> _Raw data_:

******************************

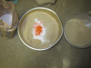 @米糠に塩を入れかき回す。Aこれに市販のタクアン付けの素を入れ更にかき回す。2023.11.29 16:54 大樽に干し大根を入れ、Aを交互にかける。2023.11.29 17:13
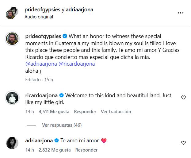 " Qué honor presenciar estos momentos especiales en Guatemala. Me encanta este lugar, esta gente y esta familia. Te amo, mi amor. Y gracias, Ricardo, que concierto más especial que dicha mía. @adriaarjona @ricardoarjonaaloha j", expresó.
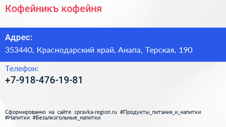 Кофейникъ, кофейня по адресу 353440, Краснодарский край, Анапа, Терская, 190 в дальнейшем Организация, размещена в следующих категориях:

******************************

> _Problem details_: Leave out the images and repeat the rest of the data word for word.

> _Solved problem_:
 @米糠に塩を入れかき回す。Aこれに市販のタクアン付けの素を入れ更にかき回す。2023.11.29 16:54 大樽に干し大根を入れ、Aを交互にかける。2023.11.29 17:13
 " Qué honor presenciar estos momentos especiales en Guatemala. Me encanta este lugar, esta gente y esta familia. Te amo, mi amor. Y gracias, Ricardo, que concierto más especial que dicha mía. @adriaarjona @ricardoarjonaaloha j", expresó.
 Кофейникъ, кофейня по адресу 353440, Краснодарский край, Анапа, Терская, 190 в дальнейшем Организация, размещена в следующих категориях:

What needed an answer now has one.